# Einstein Summation Convention / Lorentz Boost

1. Dec 22, 2007

### raintrek

Einstein Summation Convention / Lorentz "Boost"

1. The problem statement, all variables and given/known data

I'm struggling to understand the Einstein Summation Convention - it's the first time I've used it. Would someone be able to explain it in the following context?

Lorentz transformations and rotations can be expressed in matrix notation as

$$x^{\mu'} = \Lambda^{\mu'}\!_{\mu}\:x^{\mu}$$

Coordinates are defined by $$x^{\mu}$$ with $$\mu = 0,1,2,3$$, such that $$(x^{0}, x^{1}, x^{2}, x^{3}) = (ct, x, y, z)$$

I'm seeking clarification on the meanings of the various $$\mu, \mu'$$ indices in the matrix notation equation. Any help would be massively appreciated!

2. Dec 22, 2007

### ophase

Summation rule

$$\mu, \acute{\mu}$$ means that these are all different indices which can have 0,1,2,3 and cannot contract with each other. I mean for example, while $$\mu = 0$$, the other one can be $$\acute{\mu} = 3$$.
Einstein summation rule is that you have to sum the terms with same indices. So you should scan all the values of the indices.
So
$$x^{\acute{\mu}} = \Lambda^{\acute{\mu}}\!_{\mu}\:x^{\mu}$$ means that

$$x^0 = \Lambda^{0}\!_{0}\:x^{0}+\Lambda^{0}\!_{1}\:x^{1}+\Lambda^{0}\!_{2}\:x^{2}+\Lambda^{0}\!_{3}\:x^{3}$$
$$x^1 = \Lambda^{1}\!_{0}\:x^{0}+\Lambda^{1}\!_{1}\:x^{1}+\Lambda^{1}\!_{2}\:x^{2}+\Lambda^{1}\!_{3}\:x^{3}$$
$$x^2 = \Lambda^{2}\!_{0}\:x^{0}+\Lambda^{2}\!_{1}\:x^{1}+\Lambda^{2}\!_{2}\:x^{2}+\Lambda^{2}\!_{3}\:x^{3}$$
$$x^3 = \Lambda^{3}\!_{0}\:x^{0}+\Lambda^{3}\!_{1}\:x^{1}+\Lambda^{3}\!_{2}\:x^{2}+\Lambda^{3}\!_{3}\:x^{3}$$

Don't forget that each term is actually a matrix element. So write the values of the matrix elements above and obtain the Lorentz transformation equations.

3. Dec 22, 2007

### raintrek

Ah, so am I correct in thinking that whenever an expression contains one index as a superscript and the same one as a subscript, a summation over those values is implied?

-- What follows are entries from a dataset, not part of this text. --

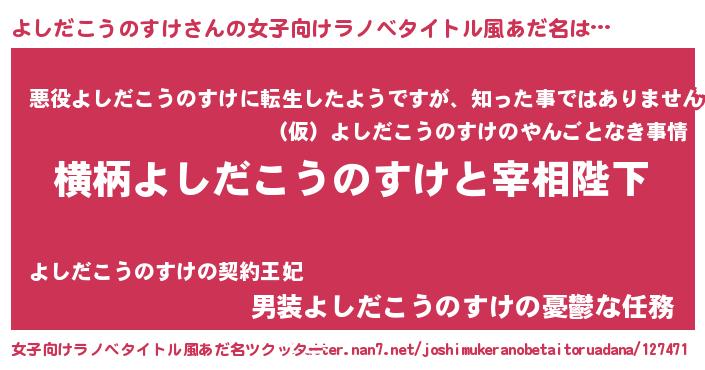 | ヘコむあだ名 | 『よしにー』『よしだこうのすけ(笑)』 |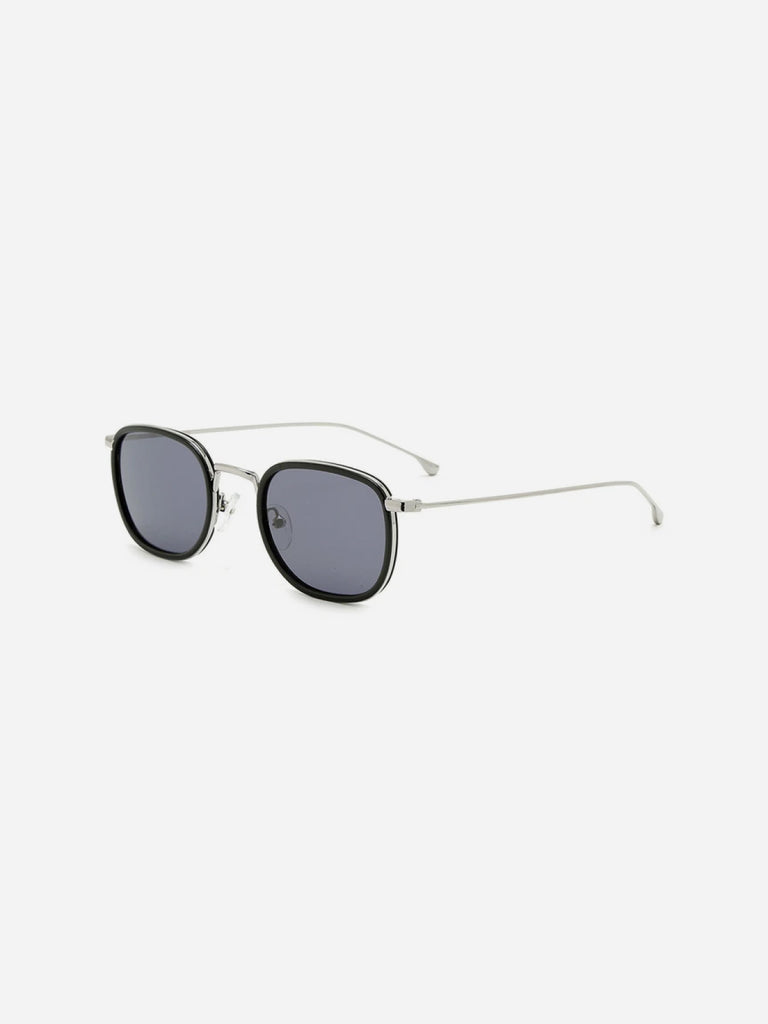 מסגרת מתכת מלבנית כסופה עם מעטפת אצטט בצבע שחור ועדשות אפורות, מתאימה לבעלי פנים צרות עד בינוניות,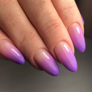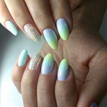 Изысканная техника омбре с плавным переходом безупречно смотрится на овальных ногтях. Она прекрасна сама по себе, но также может удачно сочетаться с рисунками, лепкой и стразами. Если у вас в планах зрительное удлинение ногтя, делайте растяжку цвета сверху вниз, а не слева направо.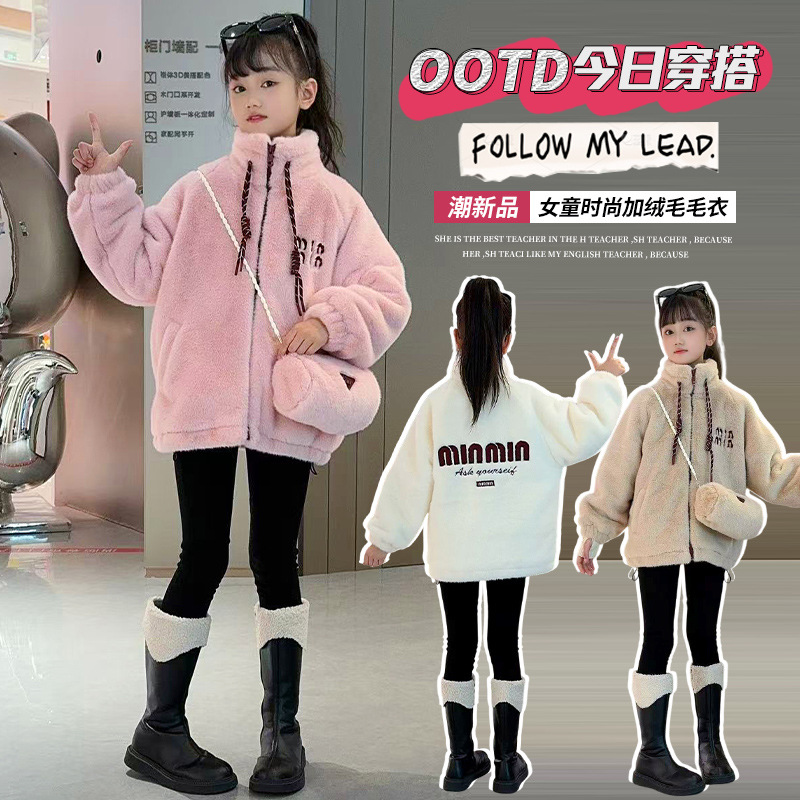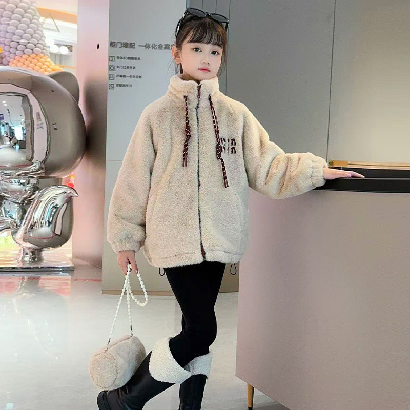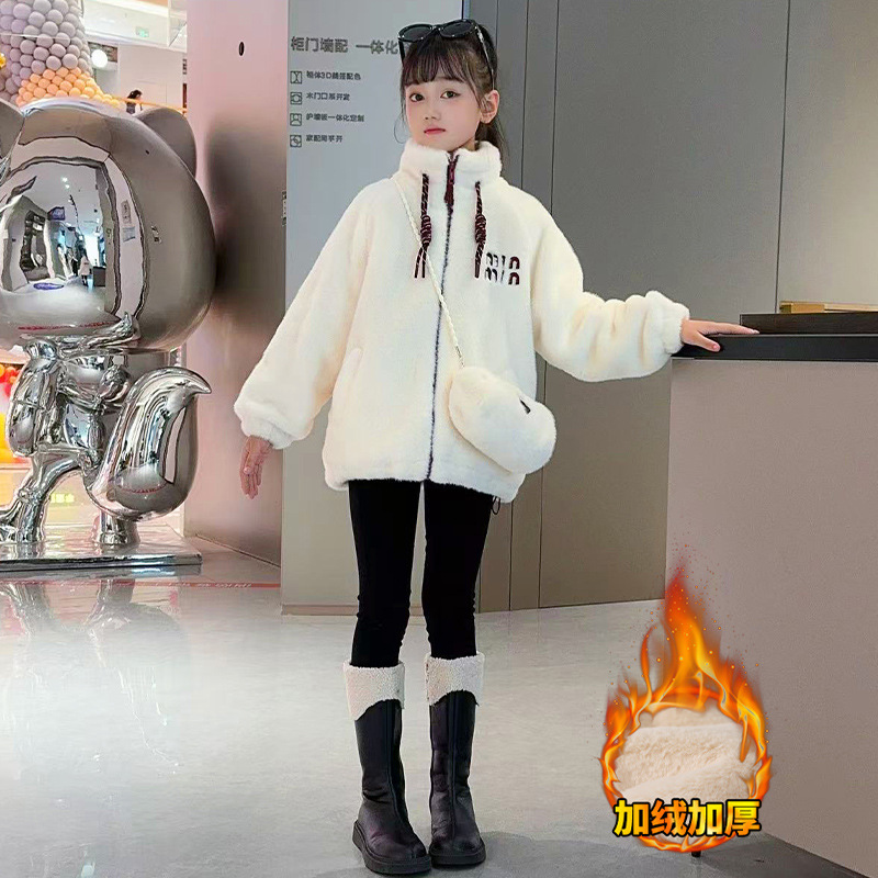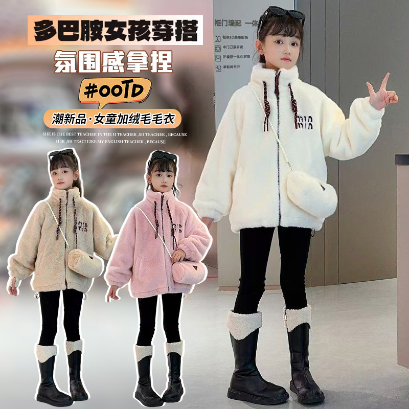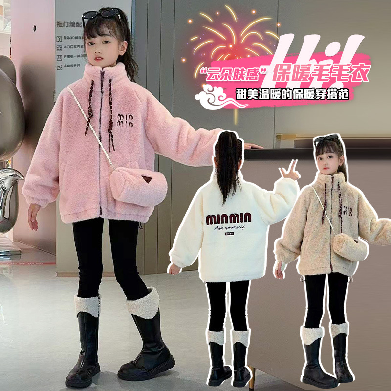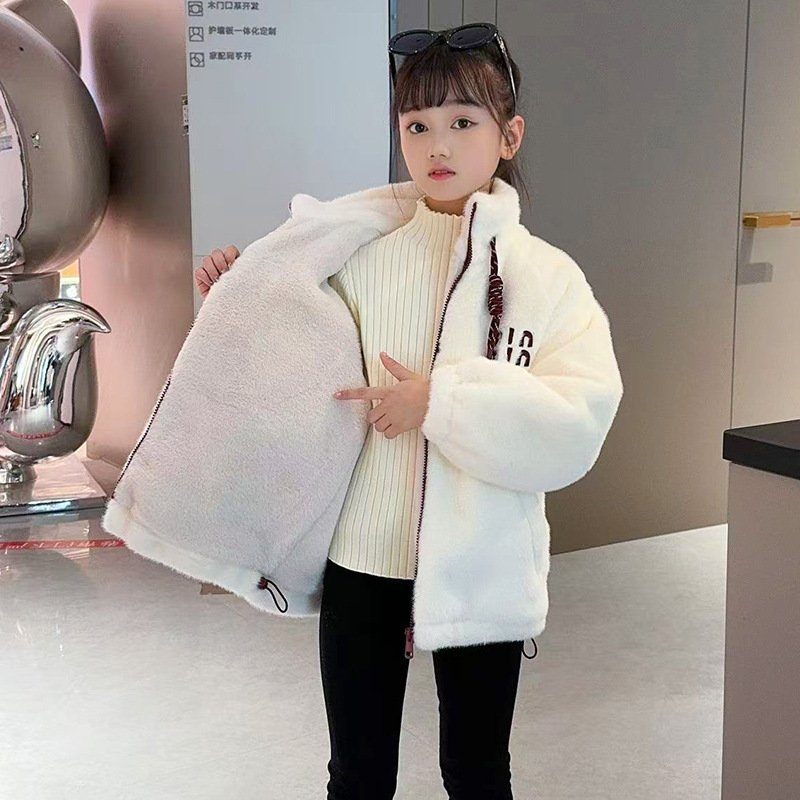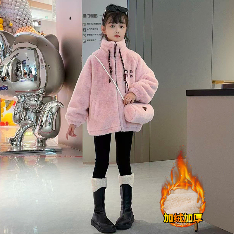 2025 여아용 겨울 벨벳 두꺼운 모직 스웨터, 중대형 여아용 패셔너블 캐주얼 인터넷 연예인 면 코트, 롤랜드 밍크스토어 가기

Also, does the $$\Lambda^{\mu'}\!_{\mu}$$ just mean a matrix with $$\mu'$$ representing the row number and $$\mu$$ representing the column number?

so, in essence,

$$\Lambda^{0'}\!_{0} \Lambda^{0'}\!_{1} \Lambda^{0'}\!_{2} \Lambda^{0'}\!_{3}$$
$$\Lambda^{1'}\!_{0} \Lambda^{1'}\!_{1} \Lambda^{1'}\!_{2} \Lambda^{1'}\!_{3}$$
$$\Lambda^{2'}\!_{0} \Lambda^{2'}\!_{1} \Lambda^{2'}\!_{2} \Lambda^{2'}\!_{3}$$
$$\Lambda^{3'}\!_{0} \Lambda^{3'}\!_{1} \Lambda^{3'}\!_{2} \Lambda^{3'}\!_{3}$$

is the $$\Lambda^{\mu'}\!_{\mu}$$ matrix produced from your equations?

Last edited: Dec 22, 2007
4. Dec 22, 2007

### ophase

Yes you'r right.
But
$$\Lambda^{\musingle-quote}\!_{\mu}$$ matrix cannot produce from above equation. We'r talking about a new representation of Lorentz transforms.

You can find the $$\Lambda^{\musingle-quote}\!_{\mu}$$ matrix here --> http://en.wikipedia.org/wiki/Lorentz_transformation

5. Dec 22, 2007

### siddharth

Yes.

6. Dec 22, 2007

### HallsofIvy

Staff Emeritus
More correctly $\Lambda^{\mu'}_\mu$ means a tensor that can, in a given coordinates system, be represented by such a matrix.